Project 5: ML For Security Constructing Evading Network Traf
Project 5 Ml For Security Constructing Evading Network Traffic Bas
The goal of this project is to introduce students to machine learning techniques and methodologies that help to differentiate between malicious and legitimate network traffic. Specifically, students will use a machine learning approach to create a model that learns normal network traffic, and then learn how to blend attack traffic to resemble normal traffic in order to bypass the learned model.

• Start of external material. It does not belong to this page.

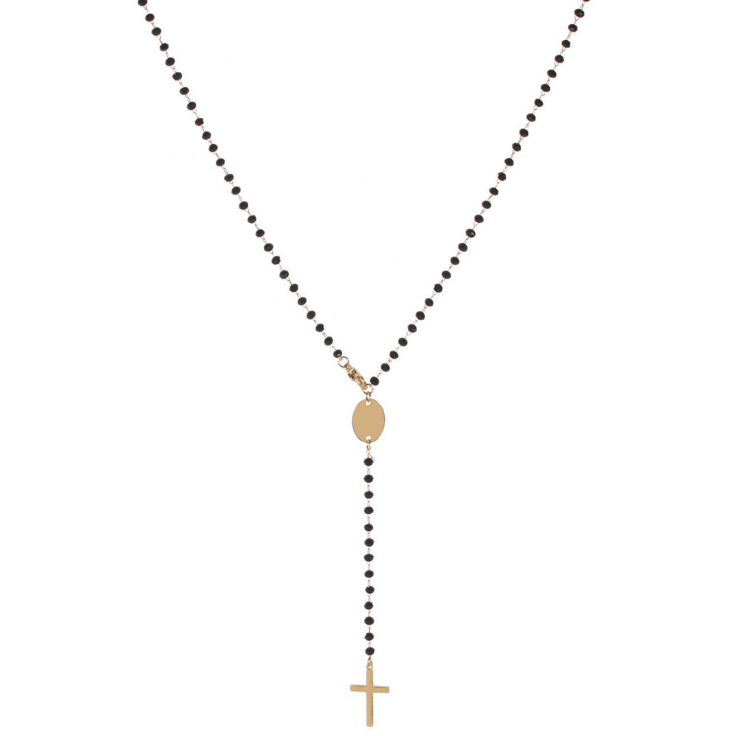 Collier chapelet composé d'une chaîne avec pastille ovale et d'une croix en acier doré et de perles de couleur noire.

Students are provided with resources including the PAYL model implementation, datasets, and code to train and test models. The project involves training a payload-based intrusion detection system (IDS), tuning parameters to achieve a high true positive rate, and then attempting to evade detection through polymorphic blending techniques. The tasks include training the model, validating attack detection, creating evasive payloads, and testing how well the attack can bypass the model.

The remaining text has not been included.